The daughter’s share upon partition is to be equal to that of a son.

These provisions together created the framework. But they also created the controversies.

The Controversy: Must the Father Be Alive on 9 September 2005?

The central dispute that tore through the courts in the decade after 2005 was this: if the father coparcener had died before 9 September 2005, could the daughter still claim her right as a coparcener?

One view was that the amendment applied only where the coparcener (father) was alive on 9 September 2005. This view was adopted by the Supreme Court in Prakash v. Phulavati, (2016) 2 SCC 36. The Court held that Section 6 is not retrospective and applies only where both the coparcener and the daughter were alive on the date of commencement of the Amendment Act.

Another view was more liberal. In Danamma @ Suman Surpur v. Amar, (2018) 3 SCC 343, the Supreme Court allowed daughters to claim coparcenary rights even though the father had died in 2001, well before the 2005 amendment. The two Division Bench decisions were in direct conflict.

The conflict made it impossible for lower courts and High Courts to know what to follow. Families were split: daughters in one set of cases were told they had rights; daughters in factually similar cases were told they did not. The law needed a definitive resolution, and the matter was referred to a three-judge bench.

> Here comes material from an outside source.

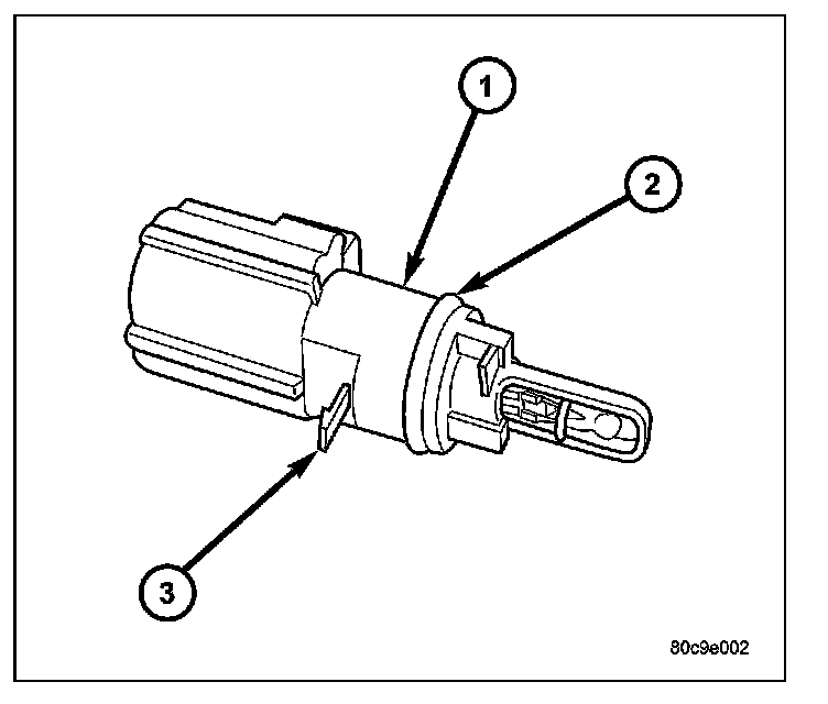 3. Gently lift on small plastic release tab (3) and rotate sensor about 1/4 turn counter-clockwise for removal.

Vineeta Sharma: The Definitive Resolution

The three-judge bench, comprising Justices Arun Mishra, S. Abdul Nazeer, and M.R. Shah, delivered its judgment in Vineeta Sharma v. Rakesh Sharma, (2020) 9 SCC 1, on 11 August 2020. The bench was unanimous.

The Court held, overruling Prakash v. Phulavati, that the daughter’s coparcenary rights arise by birth and are not dependent on whether the father was alive on 9 September 2005. The Court reasoned that coparcenary is a right by birth, not a right that comes into being upon the parent’s death or upon some other event. If the amendment says that daughters become coparceners by birth in the same manner as sons, then the birth that matters is the daughter’s birth, not the father’s survival to a particular date.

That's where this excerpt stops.